# WHAT TO WORK ON
Would you please copy each line of the data in which the string "település" occurs?

== STUDY MATERIAL ==

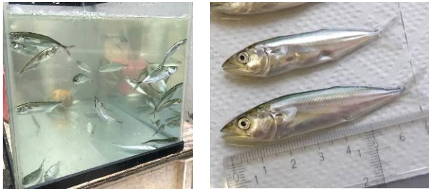
放流されたサワラの稚魚

全長約7.7cmまで中間育成されたサワラの稚魚およそ2万8千尾を中間育成施設から囲い網で追い、直接海面へ放流しました。
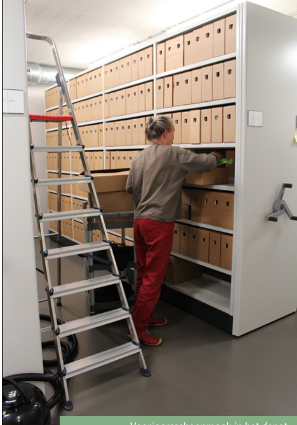
Voorjaars schoonmaak in het depot
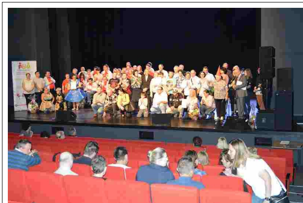
Wszyscy uczestnicy przeglądu na scenie

16 października br. w PGE Giganty Mocy w Miejskim Centrum Kultury w Bełchatowie odbył się XX Przegląd Twórczości Osób Niepełnosprawnych. Była
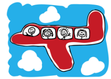
nach Sydney fliegen
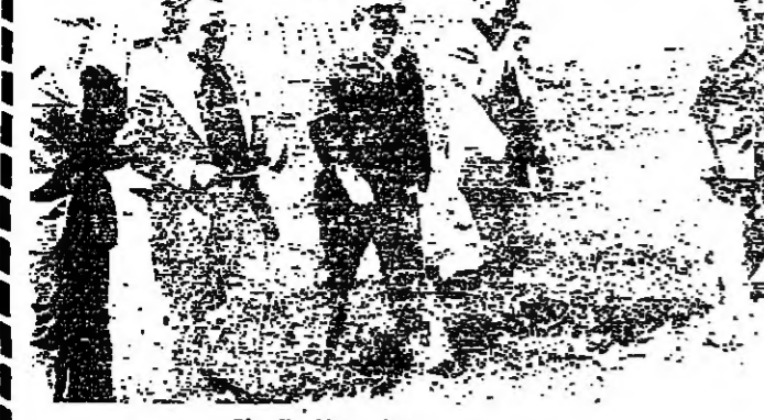
زرق ومرافقه اثناء الجولة
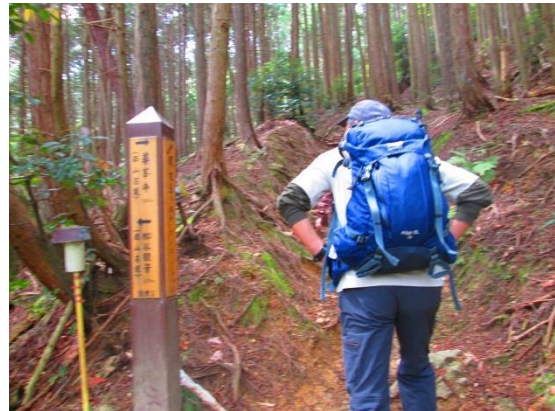
5. 展望所から急登が始まる
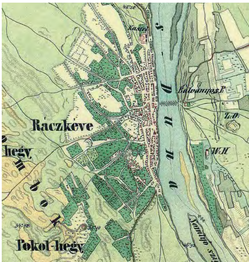
■ Ráckeve a második katonai felmérés térképlapján. A Duna-part árvízmentes sávjában a 15. században megtelepedett város észak-déli tengelyre kiépült utcás település. A zsúfolt belső magban csak lakóépületeket emelhettek. A gazdasági rendeltetésű épületeket a város nyugati-déli előterében kialakított tartozéktelek szálláskerti övezete fogadta be. Ezeket itt és a tágabb környezetben következetesen erős zöld szímmel jelezték a térkép készítői

Ráckeve történeti településmagját a kataszteri térkép segítségével írhatjuk le, mutathatjuk be. Az 1880-ban készült kataszteri térképnek sajnálatos módon csak a település északi részét ábrázoló szelvénye áll rendelkezésünkre. Szerencsénkre ez magában foglalja a hajdani szerb egyházközség különösen értékes templomát is, de rajta van még (a szelvény déli széle közelében) a reformátusok újabban épített temploma is, amelynek természetesen volt 16. századig

===

# ANSWER SECTION
■ Ráckeve a második katonai felmérés térképlapján. A Duna-part árvízmentes sávjában a 15. században megtelepedett város észak-déli tengelyre kiépült utcás település. A zsúfolt belső magban csak lakóépületeket emelhettek. A gazdasági rendeltetésű épületeket a város nyugati-déli előterében kialakított tartozéktelek szálláskerti övezete fogadta be. Ezeket itt és a tágabb környezetben következetesen erős zöld szímmel jelezték a térkép készítői
Ráckeve történeti településmagját a kataszteri térkép segítségével írhatjuk le, mutathatjuk be. Az 1880-ban készült kataszteri térképnek sajnálatos módon csak a település északi részét ábrázoló szelvénye áll rendelkezésünkre. Szerencsénkre ez magában foglalja a hajdani szerb egyházközség különösen értékes templomát is, de rajta van még (a szelvény déli széle közelében) a reformátusok újabban épített temploma is, amelynek természetesen volt 16. századig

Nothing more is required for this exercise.